Mon, Dec 24, 2018 - Page 6 News List

John J. Tkacik On Taiwan: The ‘Fifth Criterion’ and Taiwan’s diplomatic future

It is a delightful paradox when you think about it now: before 1979, Taiwan had a permanent population, secure borders, effective government and sovereign foreign relations, the four attributes of a “state as a person in international law.” But, alas, the United States did not recognize Taiwan’s “statehood.” Yet under American law, on January 1, 1979, as America “de-recognized” the “Republic of China,” Taiwan formally became its own “country, nation, state, government, or similar entity.” Thus was it ordered by President Jimmy Carter (on December 30, 1978): all US government “departments and agencies shall construe those terms (country, nation, state, etc.) to include Taiwan.”

“Taiwan,” mind you, not “the entity formerly known as the Republic of China.”

Forty years ago last week, I was at the US Liaison Office on a sunny, wintry Saturday morning in “Peking” (北京) when the announcement came that the United States and China would soon establish diplomatic relations. Beginning January 1, 1979, the United States would recognize the People’s Republic as the “sole legal government of China.” “Within this context,” the US announcement read, “the people of the United States will maintain cultural, commercial, and other unofficial relations with the people of Taiwan.” The Chinese Communist Party was so ecstatic with the news that its official newspaper, People’s Daily, issued an “extra edition” (號外) printed in vermillion ink, proclaiming the event to 800 million Chinese readers. I still have a framed copy upon my wall.

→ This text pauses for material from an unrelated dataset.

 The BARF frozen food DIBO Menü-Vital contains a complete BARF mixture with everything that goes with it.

My first thoughts of December 16, 1978, upon hearing the news of “normalization” were of Taiwan where I had served the year before with the US embassy. The US side’s words “…and other relations” were a comfort. “Other relations” was the term our chief of mission, Ambassador Leonard Woodcock, and Chinese leader Deng Xiaoping (鄧小平) agreed upon to encompass America’s continuing security relations with Taiwan; Chinese Premier Hua Guofeng (華國鋒) had to admit at his December 16 press conference that 1) “the US side mentioned that after normalization it would continue to sell … arms to Taiwan…”; 2) “We … absolutely could not agree to this…”; and 3) “nevertheless, we reached an agreement…”

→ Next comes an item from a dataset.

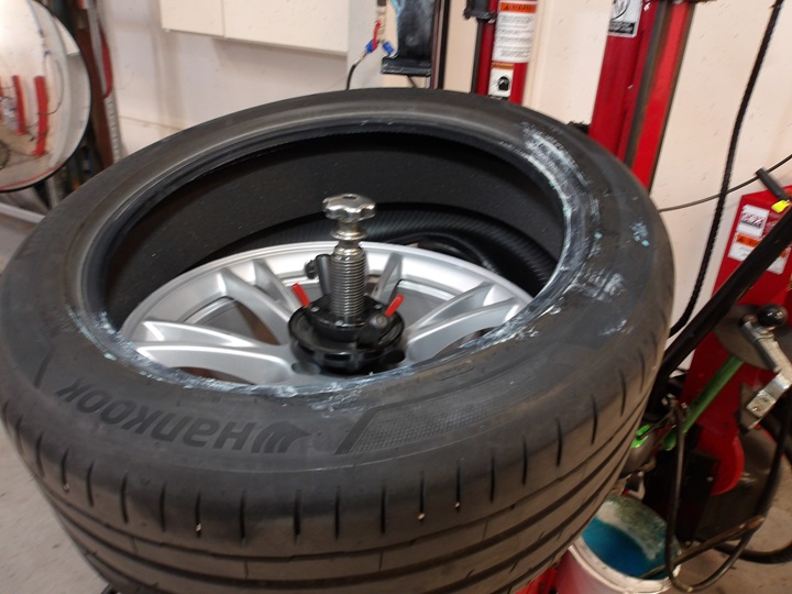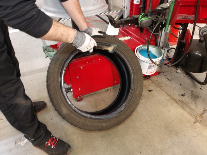 彻底润滑上下胎圈,然后将轮胎安装到轮辋上。

In fact, Vice Premier Deng unsuccessfully demanded that Washington also nullify all US treaties with the ROC government; yet all were to remain in force, including the mutual defense treaty (which was terminated more than a year later). President Carter’s December 30 Presidential Memorandum declared that “existing international agreements and arrangements in force between the United States and Taiwan shall continue in force.” There’s that word, again: “Taiwan”! not “Republic of China.”

In the 1979 Taiwan Relations Act, the United States Congress ratified President Carter’s order to treat Taiwan as a “state” with which the US maintained treaties and international agreements, engaged in commerce and partnered in defense.

Forty years later, in 2018, Taiwan is still that same country, richer, more populous, with a heavily amended constitution that defines Taiwan’s as the freest and most open democratic system in all Asia. The United States has a brand new embassy in Taipei (although it’s not called an “embassy”) and carries out commercial, cultural, defense, security and consular relations with Taiwan, and a political section that performs all diplomatic functions (except they’re not called “diplomatic”). Scores of other countries have similar offices in Taipei while recognizing that Beijing is the seat of the “sole legal government of China.”